**The data**
☆ ☆ ☆ ☆ ☆ ☆ ☆
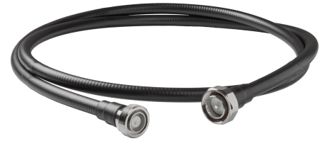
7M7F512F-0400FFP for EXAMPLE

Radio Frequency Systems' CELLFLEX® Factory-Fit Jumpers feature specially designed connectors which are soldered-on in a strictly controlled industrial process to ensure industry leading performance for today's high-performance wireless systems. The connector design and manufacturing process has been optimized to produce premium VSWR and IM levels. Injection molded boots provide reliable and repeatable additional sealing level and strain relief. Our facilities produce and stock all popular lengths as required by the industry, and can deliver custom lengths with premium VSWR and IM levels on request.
☆ ☆ ☆ ☆ ☆ ☆ ☆
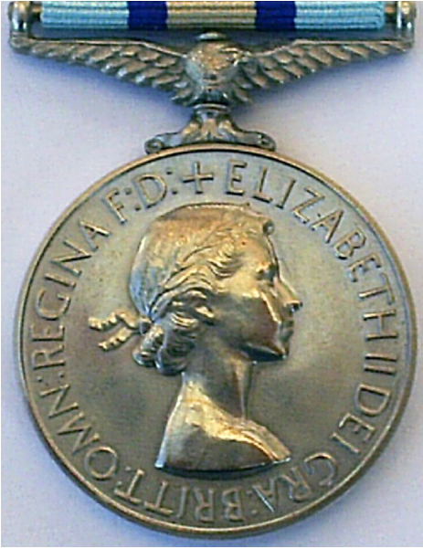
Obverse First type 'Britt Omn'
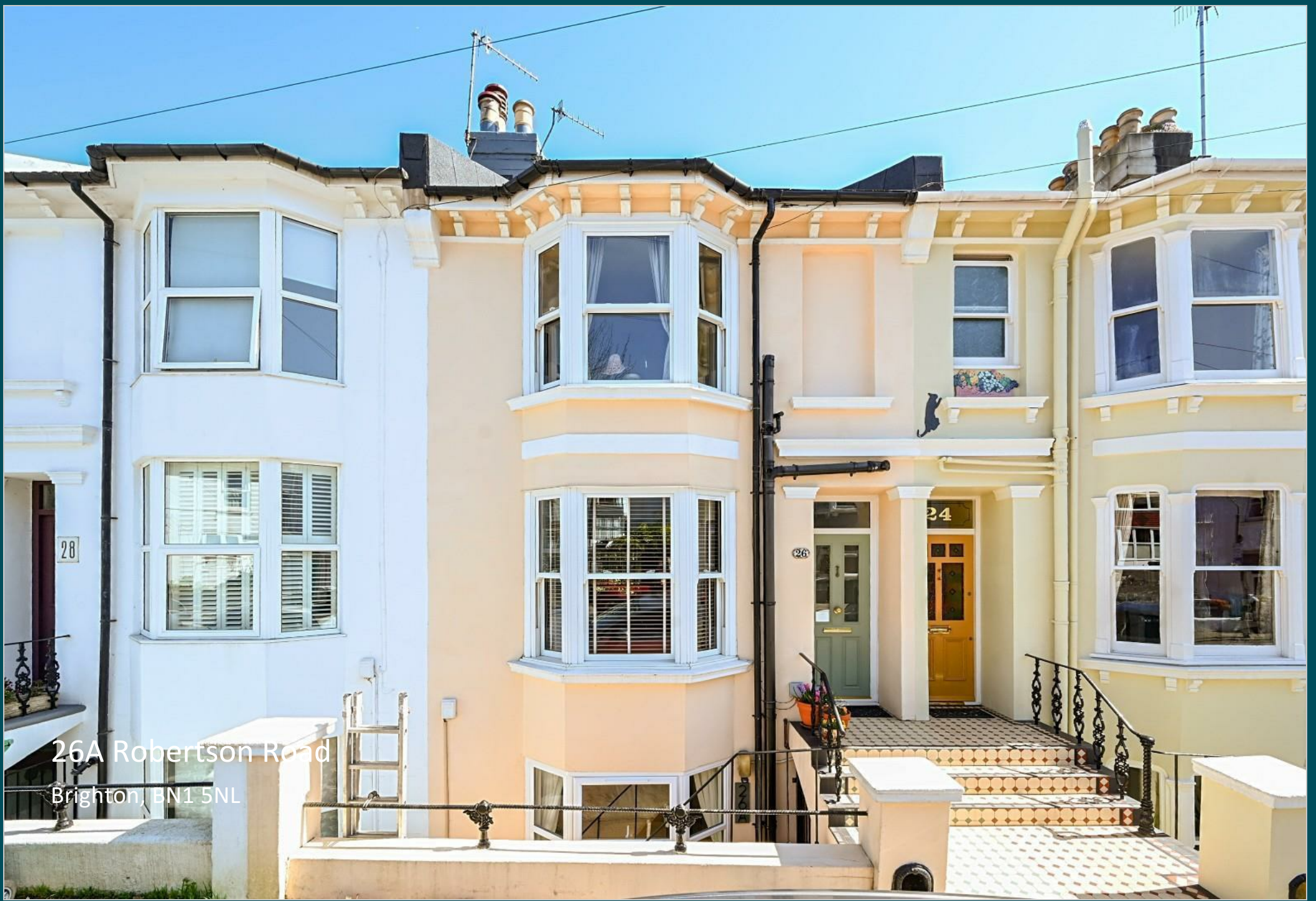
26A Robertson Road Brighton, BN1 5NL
☆ ☆ ☆ ☆ ☆ ☆ ☆
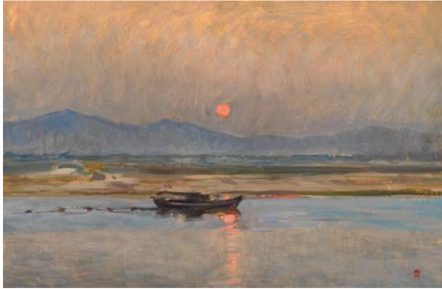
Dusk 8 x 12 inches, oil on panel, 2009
☆ ☆ ☆ ☆ ☆ ☆ ☆
**Work request**
Look above for the line with "Obverse First type 'Britt Omn'" and the line with "26A Robertson Road Brighton, BN1 5NL", then copy them and all lines in between exactly as written, and only those, without any pictures.

**Result of this task**
Obverse First type 'Britt Omn'
26A Robertson Road Brighton, BN1 5NL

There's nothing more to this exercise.